Originally posted to 13.7 Cosmos & Culture on 2/10/2016
It is a sad curiosity that the word "disaster" comes from star (aster), as in "an ill-starred event," owing its etymological roots to astrology.
Jan. 28 marked the 30th anniversary of the Challenger disaster, one of the worst accidents in the history of the American space program. A nation watched, horrified, as the Challenger space shuttle blew up shortly after takeoff, killing all seven crew members. It was the first disaster in which U.S. astronauts died in flight. Among them was Christa McAuliffe, a high school teacher from Concord, N.H., mother of two, who would have been the first ordinary citizen in space.
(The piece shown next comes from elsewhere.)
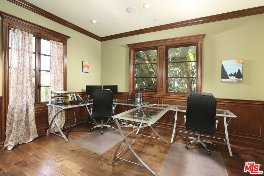 Experience timeless elegance and refined comfort in this Tuscan-inspired estate, ideally situated south of Ventura Blvd. in prime Encino. Set on a lush, gated property, this residence offers both privacy and serenity while showcasing exceptional scale and craftsmanship throughout. The home features six spacious en-suite bedrooms, complemented by a dedicated office, gym, and two remarkable family spaces: one a sophisticated music lounge, the other a vibrant media or game room complete with bar. The primary suite is a true sanctuary with dual walk-in closets, a spa-like bath, and peaceful balconies that overlook the trees. At the heart of the home, a chef's kitchen with premium appliances and dual islands flows seamlessly into the spacious living room, perfect for both everyday living and large-scale entertaining. The backyard features a resort-like setting with a sparkling swimmers pool, spa, outdoor kitchen, dining terraces, and a cozy fireplace for evening gatherings. Manicured gardens and mature landscaping create a park-like backdrop, while a versatile detached casita serves as a stylish guest or pool house. Additional highlights include a full security and camera system and gated entry. Now mostly unfurnished - also available for sale.

There is now a Christa McAuliffe Planetarium in Concord, part of the McAuliffe-Shepard Discovery Center. Its promotion motto is: "The sky is no limit; it's just the beginning."
After the disaster, there was a major effort — a witch hunt — trying to figure out what had happened. The culprit, it turned out, was an O ring that failed to seal a rocket booster, allowing hot gas from the booster to hit the external fuel tank. Richard Feynman, one of the all-time physics greats, demonstrated to a dumbfounded White House panel that the O rings lose resilience at low temperatures. (Feynman dropped one in a cup of ice-cold water and showed that it stiffened up.)
In the case of the Challenger, the launch was at uncommonly low temperatures (it was in the low 20s the morning of the launch), and the O ring must have cracked under pressure, literally. As Feynman noted in an interview, NASA's administrators' mistake was not taking notice of similar malfunctions before, such as leakages around the O rings in previous missions and tests. The disaster could have been easily avoided, he concluded.
The last shuttle flight was in July 2011, when Atlantis flew to the International Space Station with no accidents. Since then, the manned space program has taken a sharp turn, as NASA decided to first use Russian spaceships, and now private companies (so far, Boeing and SpaceX) will soon take astronauts to space.
(Left) Bob Ebeling in his home in Brigham City, Utah. (Right) The Challenger lifts off on Jan. 28, 1986, from a launchpad at Kennedy Space Center, 73 seconds before an explosion killed its crew of seven.
There is no stopping human exploration of space. We are bound to outer shores as we were once bound to shores on this planet. Accidents will happen along the way, as shipwrecks did — and still do — happen. Let us learn our lessons, though, so that every effort is made to spare as many lives as possible in the years ahead.